Shouldn't this be in the nose to tail section?    And I only cringed once!

Ryan


----------



## sawhorseray (Jan 28, 2022)

Yummmm, fried rat! Probably tastes like chicken. RAY


----------



## Sowsage (Jan 28, 2022)




----------



## pineywoods (Jan 28, 2022)

Ya know I've never considered becoming vegan however if it comes to eating rats I think I'd be vegan and that's a terrible thought


----------



## WaterRat (Jan 28, 2022)

yankee2bbq said:


> I would try it. Can’t be any worse than my wife’s meatloaf.


Where can we donate to your memorial fund?


----------



## JC in GB (Jan 28, 2022)

*My cat says he wants me to make that for him. *
*
If the fried rats don't appeal to you, try their fried spiders.


*
*JC *


----------



## yankee2bbq (Jan 28, 2022)

WaterRat said:


> Where can we donate to your memorial fund?


 
Let’s just keep this ‘our secret’ . Thanks.


----------



## Brokenhandle (Jan 28, 2022)

Years ago, maybe before my time my parents went to Germany with another couple... remember dad telling the story that many times they didn't really know what they were eating,  after one meal they were told it was kinda like eating rat in our country! I don't think they stopped eating meals after that lol!

Ryan


----------



## indaswamp (Jan 28, 2022)

Brokenhandle said:


> Years ago, maybe before my time my parents went to Germany with another couple... remember dad telling the story that many times they didn't really know what they were eating,  after one meal they were told it was kinda like eating rat in our country!
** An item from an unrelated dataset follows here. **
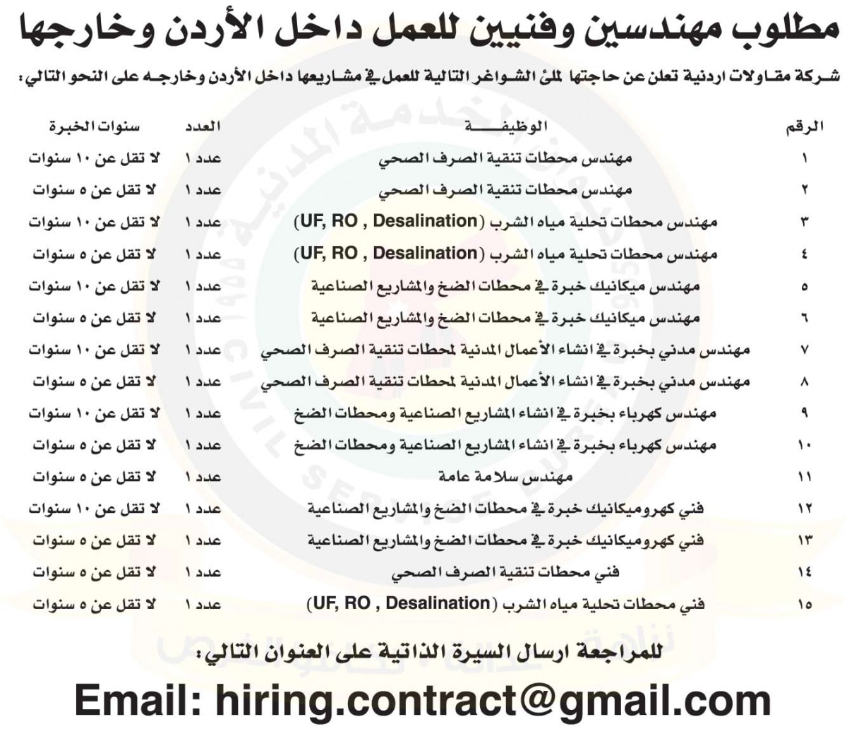 22 الاعلامي- اعلان عن توفر وظائف شاغرة مهندسين وفنيين للعمل لدى شركة مقاولات اردنية داخل الاردن وخارجها

I don't think they stopped eating meals after that lol!
> 
> Ryan



Guess it depends on the rat....


----------



## TNJAKE (Jan 28, 2022)

Lol saw the duck dynasty guys making sausage out of nutria rats a few years back


----------



## Brokenhandle (Jan 28, 2022)

indaswamp said:


> Guess it depends on the rat....
> View attachment 523698


Those are tasty!

Ryan


----------



## indaswamp (Jan 28, 2022)

TNJAKE said:


> Lol saw the duck dynasty guys making sausage out of nutria rats a few years back


Call it 'swamp pork' down here...meat looks just like pork and tastes is similar.


----------



## GATOR240 (Jan 28, 2022)

....I thought that they had a nice crunch to them....


----------



## DougE (Jan 28, 2022)

Zip tie a fluffy tail on, and it's just another squirrel ......


----------



## bigfurmn (Jan 28, 2022)

I guess I made it to this age eating my moms cooking and that recipe sounds better than her cooking.


----------



## Ringer (Jan 28, 2022)

JC in GB said:


> *My cat says he wants me to make that for him. *
> 
> *If the fried rats don't appeal to you, try their fried spiders.
> 
> ...




I will never live in a place where the spiders are big enough to be considered a food source.


----------



## JIMSMOKES (Jan 29, 2022)

Closest I'll ever come to eating this is tree rats. (Squirrel)


----------



## boykjo (Jan 29, 2022)




----------



## mcokevin (Jan 29, 2022)

What IT do you recommend cooking the rat to?


----------



## HalfSmoked (Jan 29, 2022)

Here we have muskrats (marsh rabbits) very tasty nutria are starting show up in our area.

Warren


----------



## Buckeye1 (Jan 29, 2022)

yankee2bbq said:


> I would try it. Can’t be any worse than my wife’s meatloaf.


My kids would say same thing about my wife's pork


----------



## DougE (Jan 29, 2022)

mcokevin said:


> What IT do you recommend cooking the rat to?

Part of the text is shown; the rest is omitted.